*** SOURCE MATERIAL ***
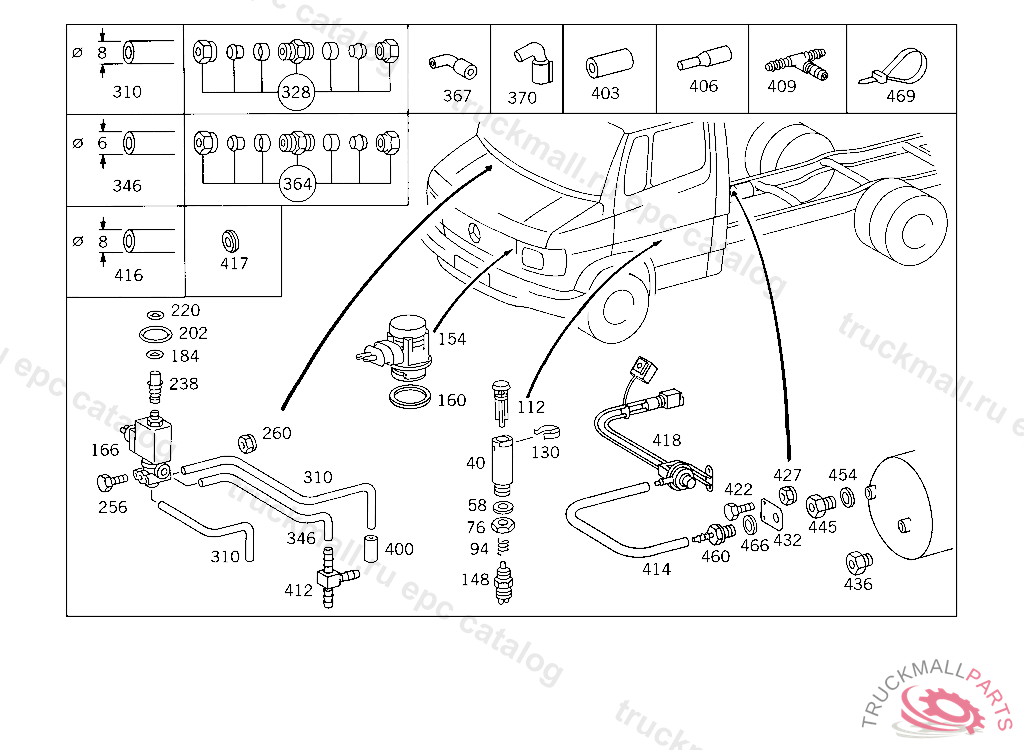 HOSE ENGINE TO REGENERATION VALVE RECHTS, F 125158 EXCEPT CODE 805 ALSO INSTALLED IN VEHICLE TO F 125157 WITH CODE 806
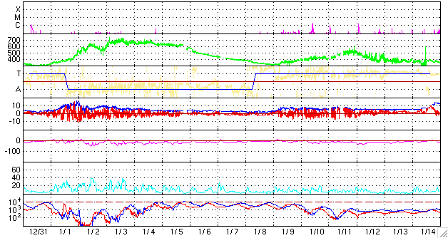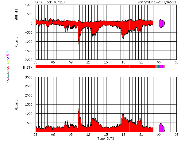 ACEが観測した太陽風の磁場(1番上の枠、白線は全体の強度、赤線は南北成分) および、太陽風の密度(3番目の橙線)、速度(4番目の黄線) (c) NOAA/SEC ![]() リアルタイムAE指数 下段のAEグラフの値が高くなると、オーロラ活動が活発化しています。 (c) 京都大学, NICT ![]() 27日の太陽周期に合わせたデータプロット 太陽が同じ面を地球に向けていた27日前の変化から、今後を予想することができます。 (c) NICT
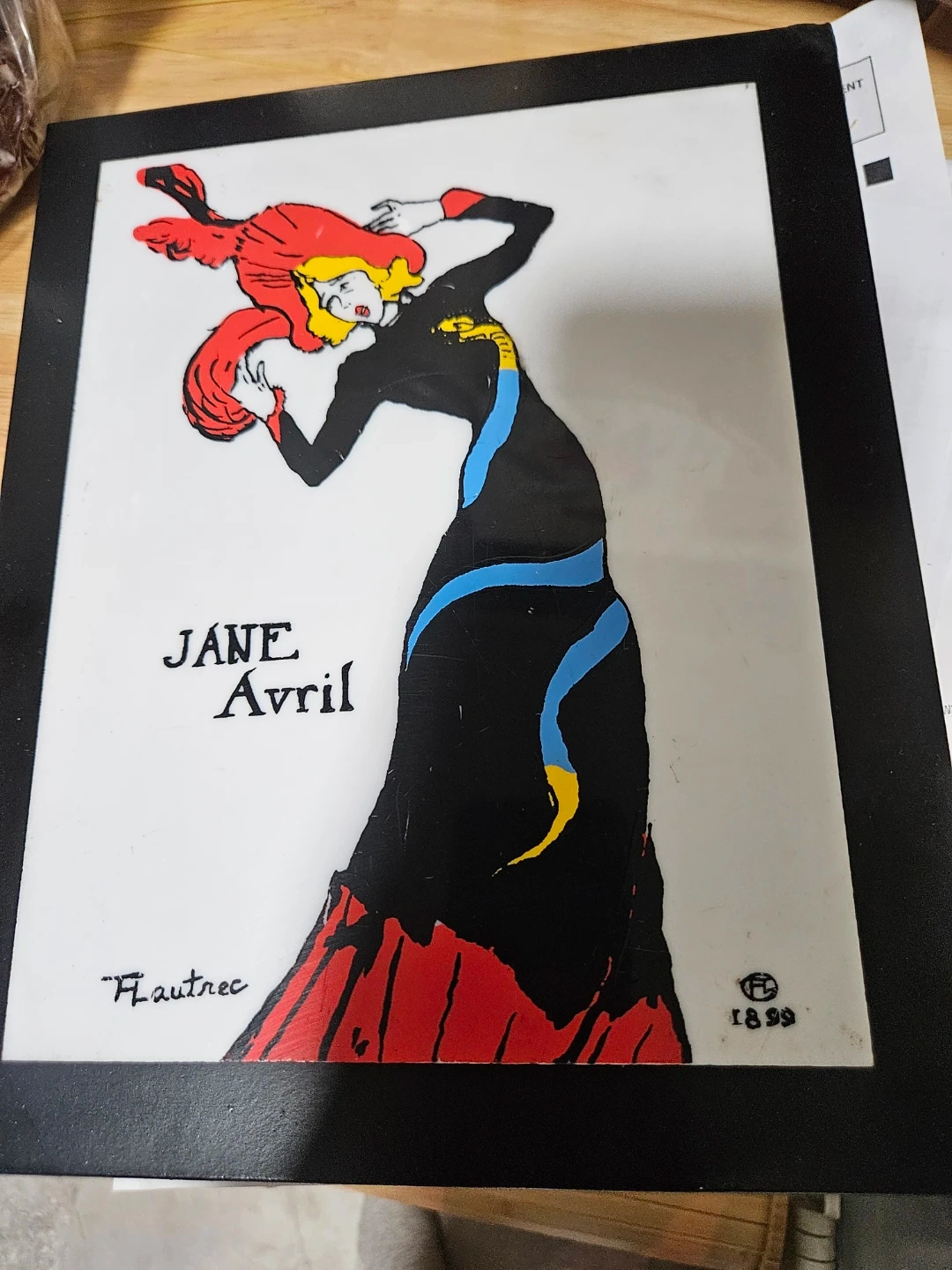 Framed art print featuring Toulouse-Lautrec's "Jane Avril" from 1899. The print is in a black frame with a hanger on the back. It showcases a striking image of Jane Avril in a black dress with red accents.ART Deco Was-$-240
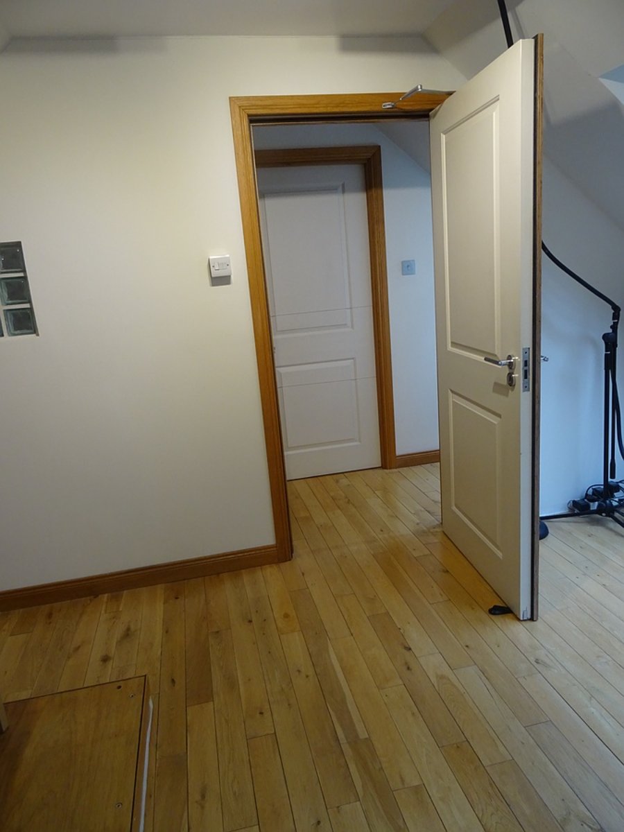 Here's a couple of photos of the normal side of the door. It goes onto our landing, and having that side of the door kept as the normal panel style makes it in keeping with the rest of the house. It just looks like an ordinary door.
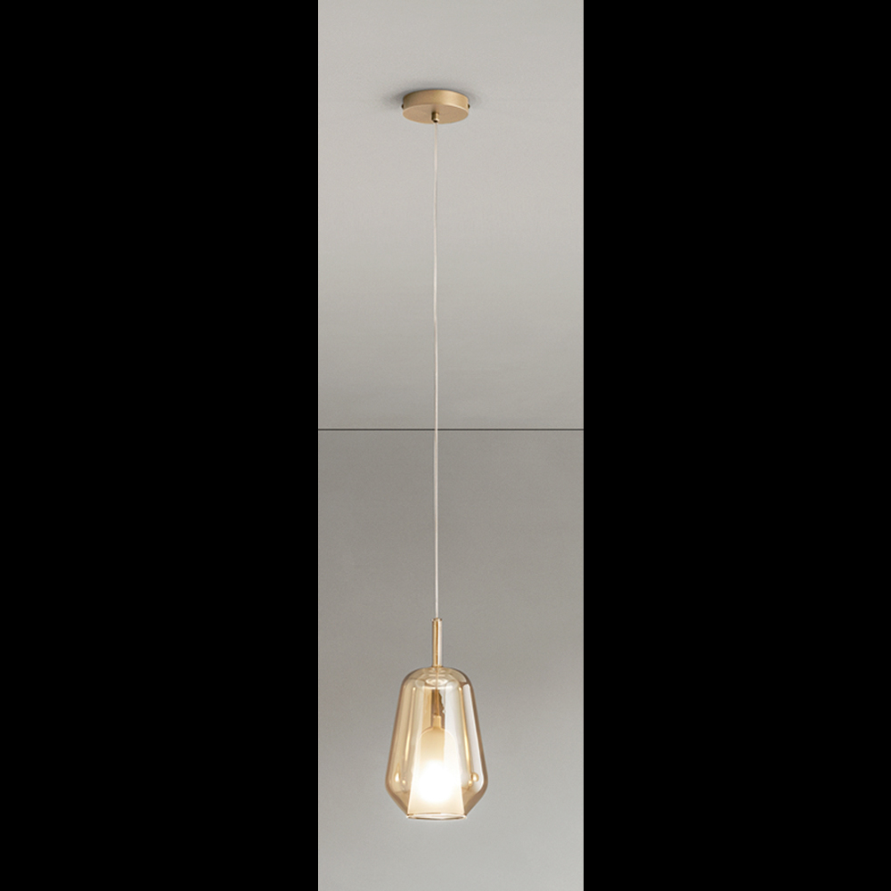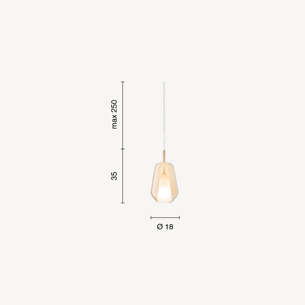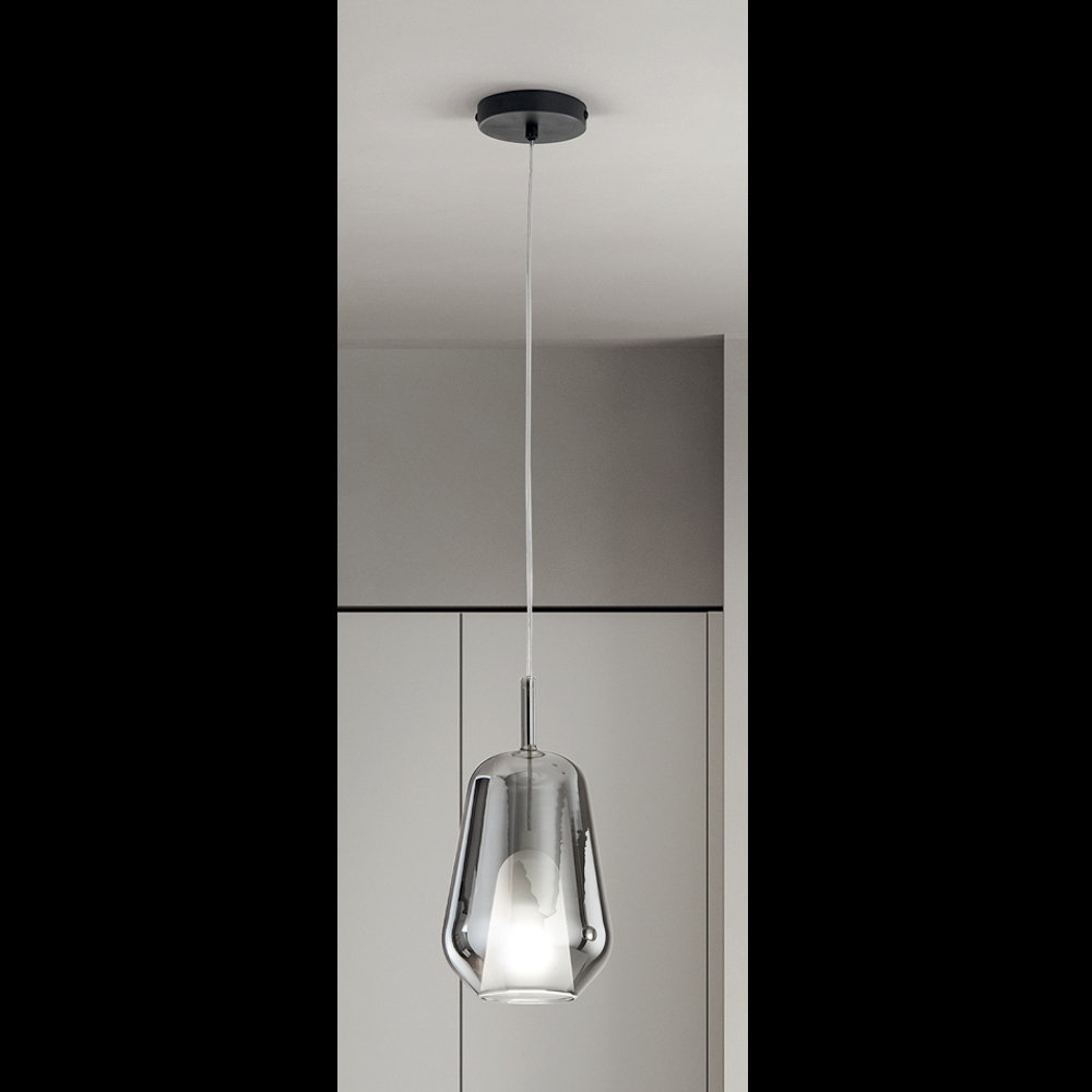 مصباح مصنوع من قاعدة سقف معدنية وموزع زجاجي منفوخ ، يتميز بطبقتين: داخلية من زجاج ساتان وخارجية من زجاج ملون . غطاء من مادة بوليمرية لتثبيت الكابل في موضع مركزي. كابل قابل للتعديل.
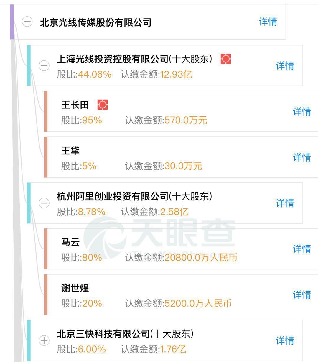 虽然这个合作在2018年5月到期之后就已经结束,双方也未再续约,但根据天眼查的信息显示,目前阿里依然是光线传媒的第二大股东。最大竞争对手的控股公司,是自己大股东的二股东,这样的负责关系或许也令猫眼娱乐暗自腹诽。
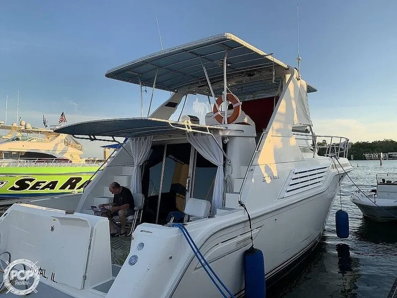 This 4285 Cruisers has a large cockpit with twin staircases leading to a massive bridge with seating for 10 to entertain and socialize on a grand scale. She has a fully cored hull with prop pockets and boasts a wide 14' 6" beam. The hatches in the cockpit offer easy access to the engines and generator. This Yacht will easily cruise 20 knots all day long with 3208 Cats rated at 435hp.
*** End of SOURCE MATERIAL ***
## WORK INSTRUCTIONS
Since the pictures don't belong in the copy, copy only the rest of the entries above exactly.

## TASK SOLUTION
 HOSE ENGINE TO REGENERATION VALVE RECHTS, F 125158 EXCEPT CODE 805 ALSO INSTALLED IN VEHICLE TO F 125157 WITH CODE 806
 ACEが観測した太陽風の磁場(1番上の枠、白線は全体の強度、赤線は南北成分) および、太陽風の密度(3番目の橙線)、速度(4番目の黄線) (c) NOAA/SEC ![]() リアルタイムAE指数 下段のAEグラフの値が高くなると、オーロラ活動が活発化しています。 (c) 京都大学, NICT ![]() 27日の太陽周期に合わせたデータプロット 太陽が同じ面を地球に向けていた27日前の変化から、今後を予想することができます。 (c) NICT
 Framed art print featuring Toulouse-Lautrec's "Jane Avril" from 1899. The print is in a black frame with a hanger on the back. It showcases a striking image of Jane Avril in a black dress with red accents.ART Deco Was-$-240
 Here's a couple of photos of the normal side of the door. It goes onto our landing, and having that side of the door kept as the normal panel style makes it in keeping with the rest of the house. It just looks like an ordinary door.
 مصباح مصنوع من قاعدة سقف معدنية وموزع زجاجي منفوخ ، يتميز بطبقتين: داخلية من زجاج ساتان وخارجية من زجاج ملون . غطاء من مادة بوليمرية لتثبيت الكابل في موضع مركزي. كابل قابل للتعديل.
 虽然这个合作在2018年5月到期之后就已经结束,双方也未再续约,但根据天眼查的信息显示,目前阿里依然是光线传媒的第二大股东。最大竞争对手的控股公司,是自己大股东的二股东,这样的负责关系或许也令猫眼娱乐暗自腹诽。
 This 4285 Cruisers has a large cockpit with twin staircases leading to a massive bridge with seating for 10 to entertain and socialize on a grand scale. She has a fully cored hull with prop pockets and boasts a wide 14' 6" beam. The hatches in the cockpit offer easy access to the engines and generator. This Yacht will easily cruise 20 knots all day long with 3208 Cats rated at 435hp.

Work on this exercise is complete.